Occupation and industry are key variables needed to describe and analyze the world of work experienced by men, women, and sometimes children in nations around the world and the changes that occur in this experience over time. These variables are also indispensable in describing the structure of national economies and their temporal dynamics. Briefly, occupation describes the type of work a person does and industry describes the main activity of the establishment in which the work is done (e.g., rice farmer in agriculture). Statistics on occupation and industry are usually collected by the official statistical organizations of individual countries through censuses or surveys designed to meet national needs for monitoring the economy and shaping economic policies. The range of activities defined as work affects the scope of statistics that will be collected by these organizations. Coverage of such statistics is typically limited to persons who were employed during some reference period, such as the week preceding the census or survey, although usual occupation is sometimes reported for the unemployed. Occupations of persons who are employed intermittently (such as poll workers on election days), are temporarily out of the labor force, or are producing goods and services for their own consumption only usually will not be included. These persons are often disproportionately women.
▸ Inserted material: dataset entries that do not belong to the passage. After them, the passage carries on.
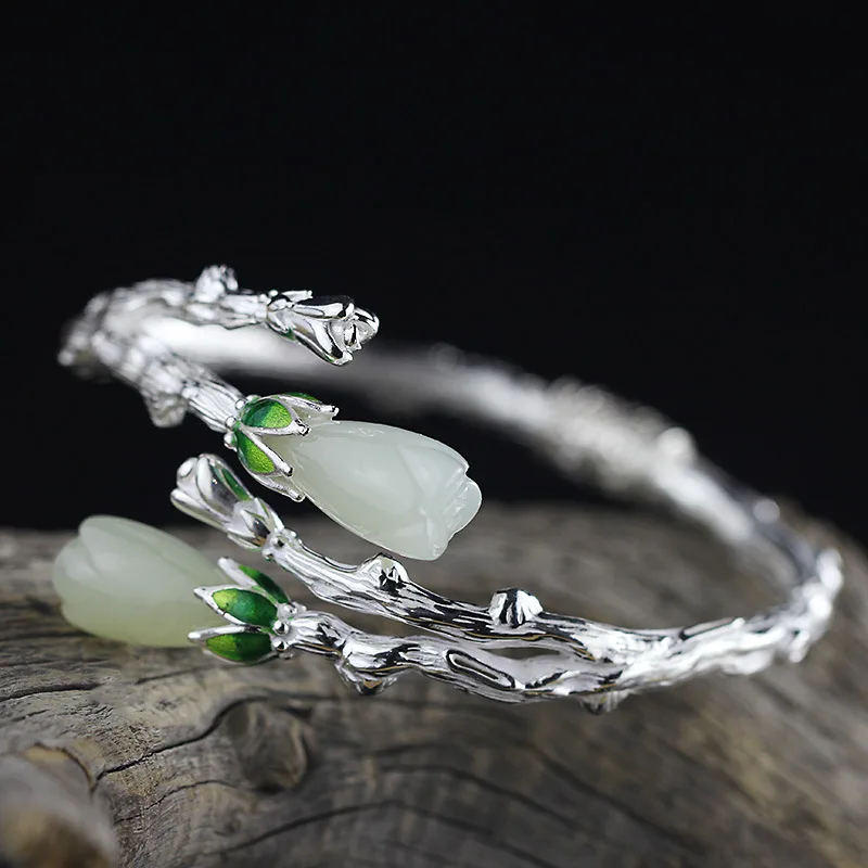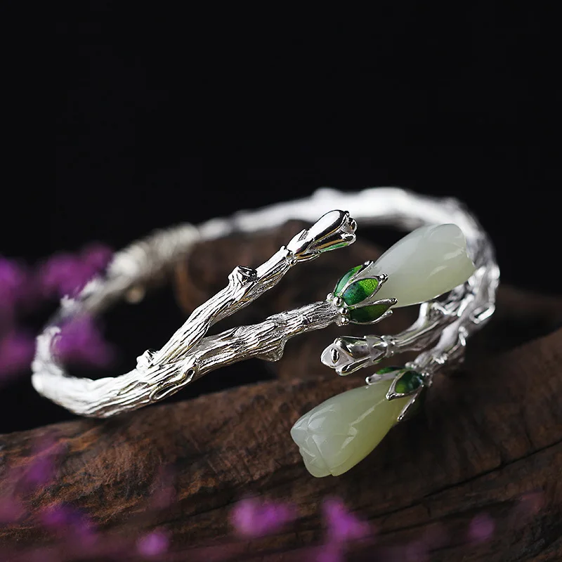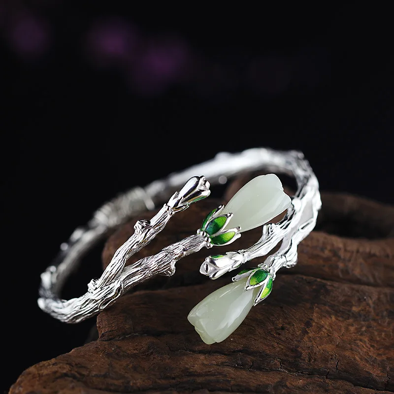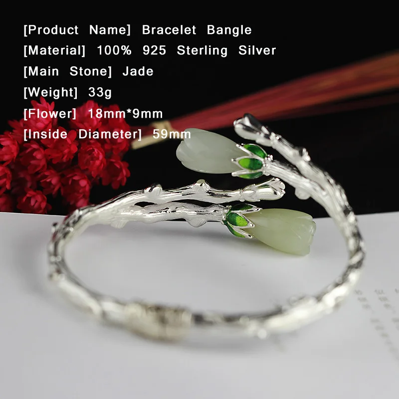 Gemstone Jewelry Natural Jade Flower Magnolia Fine Tree Branch Bangle For Women Mother's Gift 925 Sterling Silver Bracelet SB70
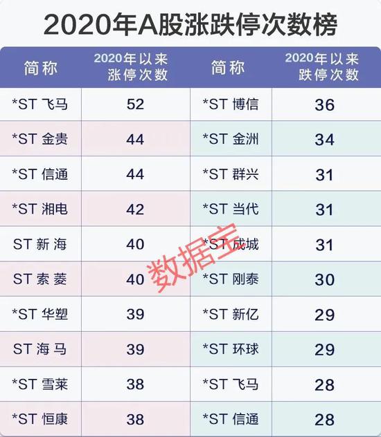 *ST飞马(维权)、*ST金贵(维权)、*ST信通(维权)、*ST湘电、ST新海(维权)等股2020年涨停在30次以上,其中*ST飞马涨停52次,是涨停次数最多的股票,同时该股也是跌停板上的常客,去年累计跌停28次,位居跌停板次数榜单第九位。跌停次数最多的前三位依次是*ST博信、*ST金洲、*ST群兴(维权)。
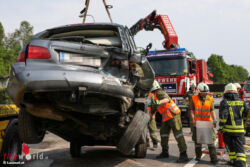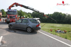Eines der beteiligten Fahrzeuge wurde über eine steine Böschung in eine darunterliegende Wiese geschleudert. Entgegen ersten Meldungen war zum Glück niemand im Fahrzeug eingeklemmt. Eine verletzte Fahrzeuglenkerin wurde mit dem ÖAMTC Notarzthubschrauber Christophorus 10 ins Krankenhaus geflogen. Die Feuerwehr sicherte die Unfallstelle ab. Mittels Kran musste eines der Unfallfahrzeuge von der Wiese wieder zurück auf die Straße gehoben und dem Abschleppunternehmen übergeben werden.
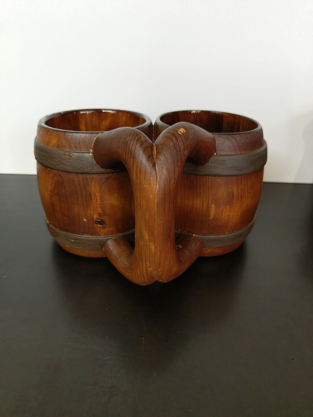 Der Holz-Doppelbecher Zwillingsfass steht für Gemeinschaft, Geselligkeit und echtes Handwerk. Zwei massiv gearbeitete Holzbecher sind fest miteinander verbunden und erinnern in ihrer Form an klassische kleine Holzfässer.
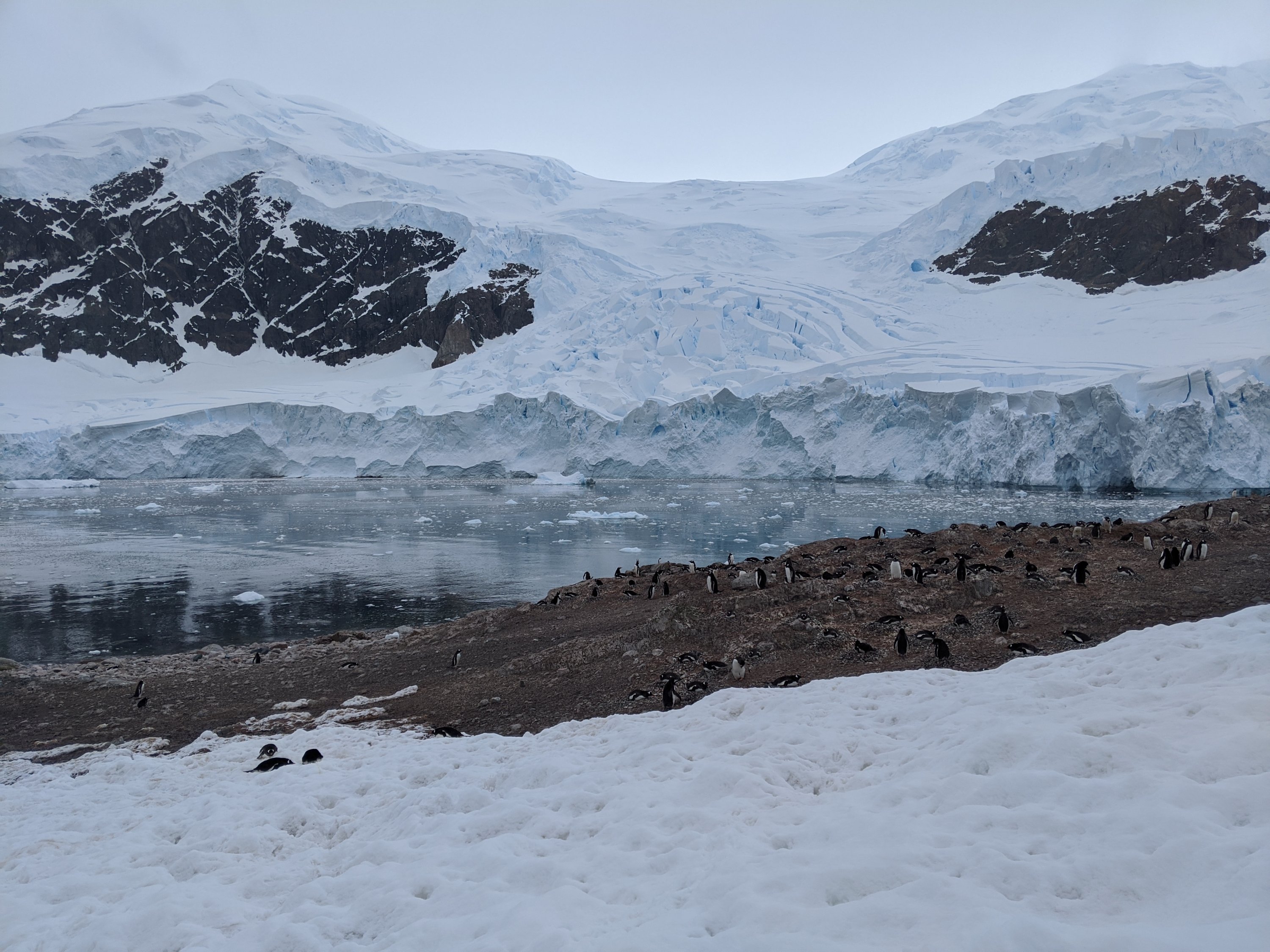 Neko Harbor is home to a giant calving glacier and a Gentoo penguin colony. We visited it in the afternoon and landed on a steep sloped hill covered in penguins. We hiked around the penguins toward the glacier and got to see penguin highways where the penguins have tramped down the in snow and made lots of little paths for themselves. It was super cute. While loitering there watching penguin antics a giant ice berg calved off the glacier creating a thunderous crack. It plunged into the sea, spinning and shedding as it tried to find equilibrium, creating a large wave that knocked the a zodiac off the beach. It was magnificent. The penguins didn’t notice in the slightest. We stayed there watching the process happen again and again in awe.
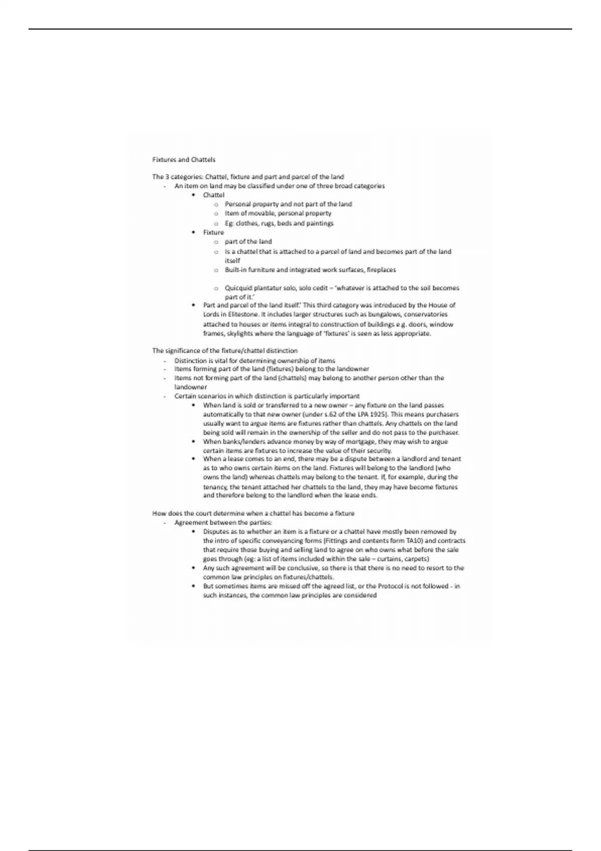 - Items not forming part of the land (chattels) may belong to another person other than the
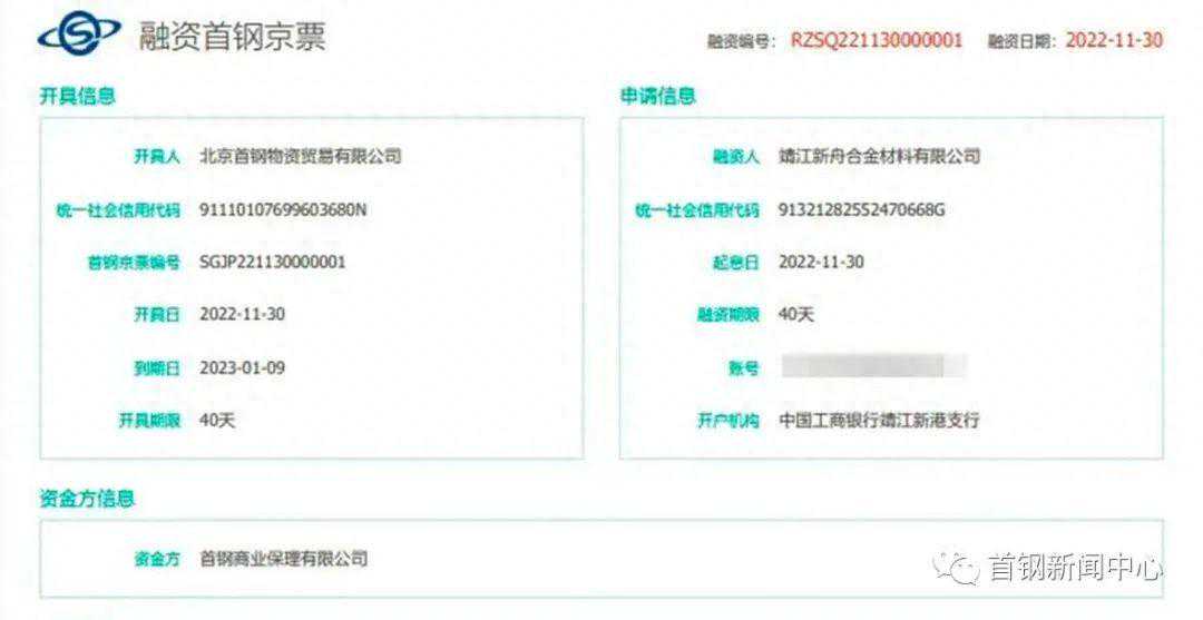 2022年11月30日,首钢集团发布消息,首钢集团供应链金融平台正式上线运营,当天首钢物贸公司在首钢供应链金融平台上开出了首张“首钢京票”,面值2000万元。

National statistical organizations in many countries have collected industry and occupation data in censuses and surveys for many years. In the United States decennial census, for example, questions on industry date back to 1820 and regarding occupation to 1850.

Industry and Occupation Classification

Once the agencies have collected information about the industry in which respondents work and the occupations they report, they must classify these responses into industry and occupational categories. While the industry and occupation classifications adopted are necessarily country-specific, there has been considerable progress over the last 50 years toward also ensuring international comparability of such statistics.

Industry

An industry category is designed to describe the activity of the establishment in which employed or self-employed persons worked during a specified reference period. It describes what the establishment does rather than what the individual does while employed there. Industry statistics have been collected in censuses and employment surveys in many countries, usually in response to questions regarding where a person works (including name and address of the establishment), or what the main products or functions of the establishment are. In order to facilitate comparisons of different data sources and data from different countries, it is desirable to have an internationally comparable industry classification. This type of classification scheme has been in existence since 1948 and is periodically revised. The United Nations Statistics Division recommends that countries code and tabulate industry data "… according to the most recent revision of the International Standard Industrial Classification (ISIC) of All Economic Activities" (United Nations, Principles and Recommendations for Population and Housing Censuses, Revision 1.1998, p. 86). Many other classification schemes exist, however.

TABLE 1

The North American Industry Classification System (NAICS) was adopted by the United States, Canada, and Mexico, and used in their 2000 round of censuses. The overall structure of the classification is the same in all three countries, though the details differ. The United States version of NAICS, used to code Census 2000 industry responses, is a complete revision of the 1990 census classification and differs from the ISIC. The 1990 census published data under 13 major industry groups and 243 detailed industries; for Census 2000 there are 15 major groups and 265 detailed industry categories.

Occupation

In any complex economy, people work in a wide variety of occupations. A classification scheme for occupations, similar to that devised for industries, must be adopted. The many existing schemes used by different governments all seek to organize the actual jobs people do into clearly defined groups, according to the tasks performed and/or the skills required. They provide guidelines as to how the jobs people report are to be classified into detailed occupational groups and how these detailed groups are to be aggregated into broader groups. Many national classifications are designed to be similar to or comparable with the International Standard Classification of Occupations (ISCO).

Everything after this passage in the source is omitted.